ВЫ НИКОГДА НИЧЕГО НЕ УЗНАЕТЕ.

Вскочил на ноги и в панике почти побежал — неужели ошибка все-таки вкралась: я пропустил выход Марка из таможни. Но нет, небольшая группа продолжает стоять у ограды. Теперь, можно было бы сказать, «в честь отъезжающих давался лишь скромный камерный концерт». Пожилой таможенный солдат подобрел, он даже сказал, что одного нашего уж слишком долго проверяют. Чувствовалось, что он перешел на сторону тех, кто болел за благополучный исход досмотра.

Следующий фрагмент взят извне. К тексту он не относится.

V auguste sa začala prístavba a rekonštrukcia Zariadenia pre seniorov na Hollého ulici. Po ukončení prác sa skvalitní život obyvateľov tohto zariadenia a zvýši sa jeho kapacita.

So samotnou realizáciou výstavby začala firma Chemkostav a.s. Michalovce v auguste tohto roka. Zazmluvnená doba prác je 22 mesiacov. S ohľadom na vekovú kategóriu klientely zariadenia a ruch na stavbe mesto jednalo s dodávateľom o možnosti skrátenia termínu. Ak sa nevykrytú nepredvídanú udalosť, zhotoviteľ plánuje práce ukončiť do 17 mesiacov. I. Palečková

Я улыбаюсь не только от симпатии к солдату, не только молнии толщиной с канат, упершейся в далекий холм, не только башне обсерватории, в которой по ночам люди сосредоточенно рассматривают, во что превратило небо несовершенство их телескопа, — да, мы никогда ничего не узнаем, — но я улыбаюсь от того, что ничто не мешает нам задавать друг другу вопросы. Вот человеческое право, которого нас никто не может лишить! Познать все — и умереть, такой финал слишком удручающ. Уж лучше умереть, задавая последние свои вопросы.

Подхожу к Марии и присаживаюсь на корточки в тепловом излучении ее тела.

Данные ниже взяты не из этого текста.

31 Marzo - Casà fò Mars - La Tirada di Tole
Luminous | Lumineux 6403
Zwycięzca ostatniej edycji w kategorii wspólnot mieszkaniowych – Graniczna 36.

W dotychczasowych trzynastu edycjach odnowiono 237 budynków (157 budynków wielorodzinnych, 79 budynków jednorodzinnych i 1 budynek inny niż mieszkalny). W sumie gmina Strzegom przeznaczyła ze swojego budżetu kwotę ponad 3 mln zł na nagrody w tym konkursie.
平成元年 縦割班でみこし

— Дорогая, ты любила Марка?

Она подозревает, что я выпил где-то еще.

— Не надо говорить со мною так.

На ее коленях все тот же желтый портфель: съестная лавка, бар, аптечка, архив. Мария — натурщица. С нее пишут «весну», «молодую мать», «партизанку», «комсомолку на стройке», я слышал, художественный совет утвердил настенную роспись ресторана, в которой «девушка на качелях» — тоже Мария. Обремененная занятиями этого мира, который не знает о ней ничего и, тем не менее, находит для нее все новые и новые употребления, затасканная в штудийных этюдах и помыслах глупеющих на обнаженной натуре студентов, изнывающая в одуряющем тепле рефлекторов, Мария прозревает в себе какой-то смысл, и в свите быстро стареющих циников, не жалуясь, идет бесконечными коридорами нашего времени, с теми неувядающими веснушками, которые дарованы лишь аристократической породе в ее полном цветении.